Strawberry Mascarpone Tart
I was searching random blogs one night and ran across this recipe on Simply Recipes. It was one of those nights where I searched one thing and ended up a millions clicks away from where I started. Does everybody do that, or is it just me?!? I can get completely lost looking up recipes of all things. I can’t be the only one that does that, right?? But I digress…back to the yumminess.
I wanted to make it before I even read the recipe just because the picture was so beautiful! I thought that it would be way more difficult than it was. It had a lot of steps, but everything was simple. It was easy enough for everyday, but good enough for company.
I actually made the dough for the tart a day ahead of time. It needed to chill, so I went ahead and popped it in the fridge overnight. It is your basic all butter pastry dough—flour, butter and cold water. I also had the butter in the freezer overnight. It needs to be super cold when added to the flour. Because the butter was ice cold, I used the pastry cutter to cut it in to the flour. When the butter is in oatmeal size pieces, add enough water to make it all come together. You want it to be a dough ball, but not sticky. And you still want to see specks of butter in the dough.
I floured the surface and top of the dough and rolled it out making sure that it was bigger than the tart pan. I was using an 11 inch tart pan for this one. Roll half of the dough on the pin, pick up the rest and place it in the pan. Press the dough to the middle and up the sides. I use the pin and roll it along the top edge of the pan to get the excess off. It is a quick trick to get the extra dough off easily. Poke fork holes in it all over and it is ready to bake. Well, almost—it goes in the freezer and then it is ready to bake!
Cover the tart with foil and fill it with pie weights, beans or rice. I must have tossed the bag of beans I use for baking in the move and all I had was rice—it seemed to work just fine. It bakes for about 15 minutes and then the foil come off. You can see that it still looks raw and doughy. That is why it goes back in the oven for about 20 more minutes. My tart shell shrank and goodly amount—not sure why. It was totally fine and a perfect size, so I didn’t mind.
The strawberries were easy to do. Quarter them and toss with sugar and orange zest. Let them sit so that the juices will come out of the strawberries. The juice gets strained into a saucepan to be used for a glaze that will go on the top of the finished product.
I still don’t know why more things are not covered with mascarpone. It is just delicious. Mix it with cream cheese and sugar and, my oh my…yum. I only had 8 ounces of mascarpone so I added in 4 ounces of cream cheese. It has powdered sugar and more orange zest and that is it. After the tart shell had cooled, I spread it around and filled the shell waiting for the strawberry topping. The cream was so good that I could have just eaten it like it was, but I did have a bowl of strawberries staring at me.

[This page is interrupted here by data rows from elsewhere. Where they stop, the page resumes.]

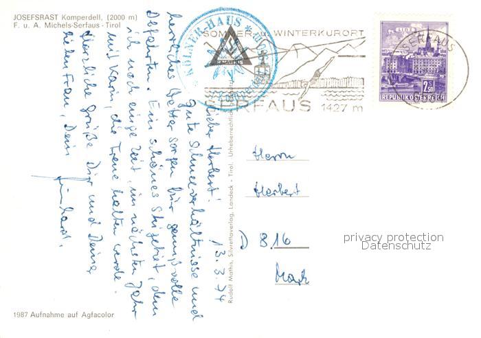 72951870 alte Postkarte Serfaus Tirol Josefsrast Komperdell postalisch gelaufen Erhaltung siehe scans [PaolaD17] KatCode: 11390334070624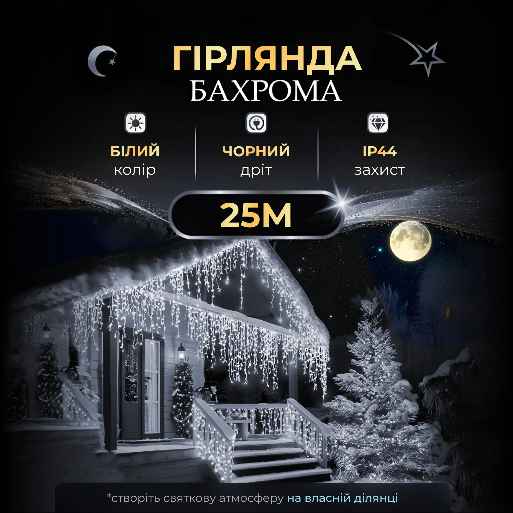 Гірлянда GarlandoPro Бахрома вулична 405 LED 25 м від мережі чорна, білий (25MBW)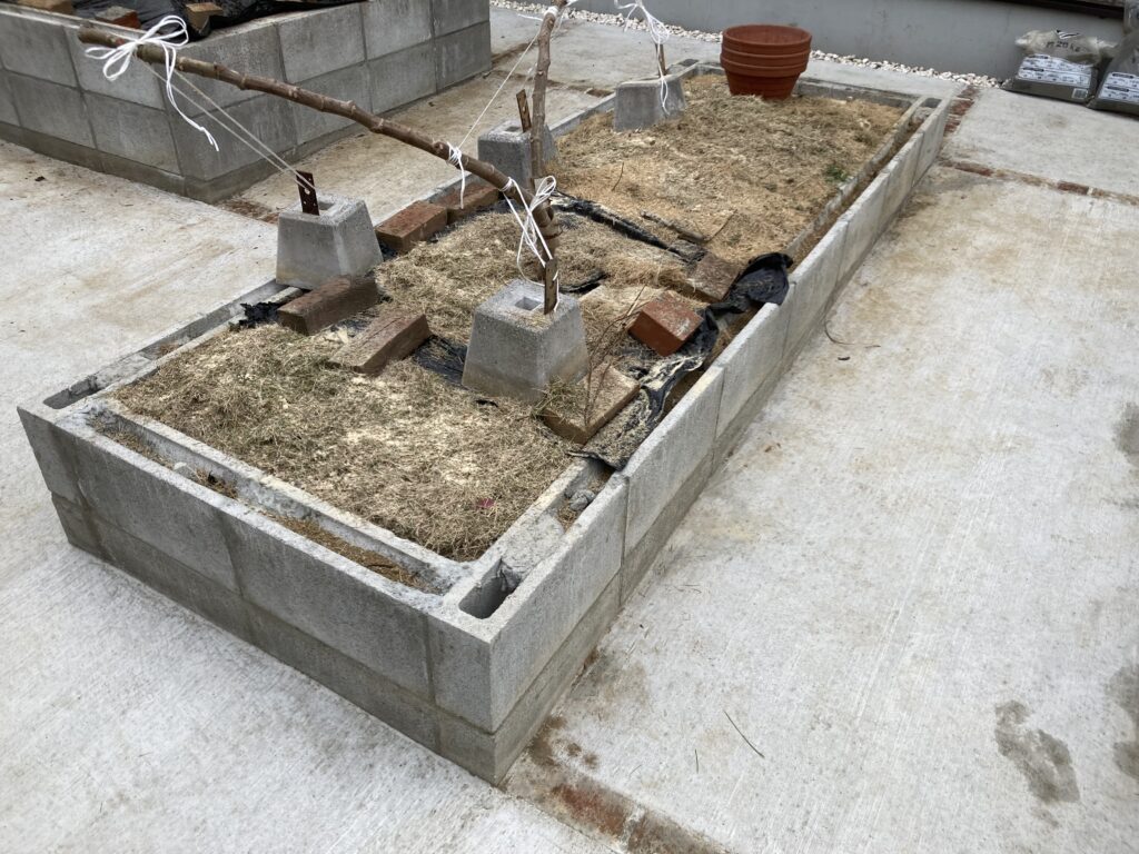 レイズドベッド3のイチジクにも刈りカスマルチで米糠撒き。誘引していますが、まだ紐がないと元に戻ろうとしますね。

The juice from the strawberries was cooked with some balsamic vinegar. It reduced down and cooked until it was like a syrup. I am not a fan of too much vinegar in things. I think that it can be over powering sometimes. This was super good. I have always heard people say that balsamic goes great with strawberries and they were right. When it cooled, it was brushed on the tart.
This was a delicious tart. It is perfect for summer. Sometimes desserts can be heavy and super sweet. This was light, creamy and perfect for those sweltering summer days that we have all been having. Enjoy!!
Strawberry Mascarpone Tart (recipe adapted from Simply Recipes)
Strawberry Mascarpone Tart Recipe
- Prep time: 1 hour, 30 minutes
- Cook time: 35 minutes
You can bake the tart shell a day ahead of time, keep at room temperature (do not chill). Fill the shell with filling and strawberries just before serving.
- 1 recipe pie dough (see Pâte Brisée recipe, increase sugar to 1 1/2 teaspoons)
- 1 sheet of puff pastry, thawed
- 1 egg, whisked
Filling and Glaze
- 2 lbs strawberries, stemmed and quartered
- 1/2 cup granulated sugar
- 1 Tbsp orange zest, divided
- 1 teaspoon lemon juice
- 12 ounces mascarpone cheese (can also use 8 ounces mascarpone mixed in with 4 ounces of ricotta or 4 ounces of whipped cream)
- 1/2 teaspoon vanilla
- 1/3 cup confectioner’s sugar (powdered sugar)
- 1 Tbsp balsamic vinegar (substitute a teaspoon of lemon juice if you don’t have balsamic)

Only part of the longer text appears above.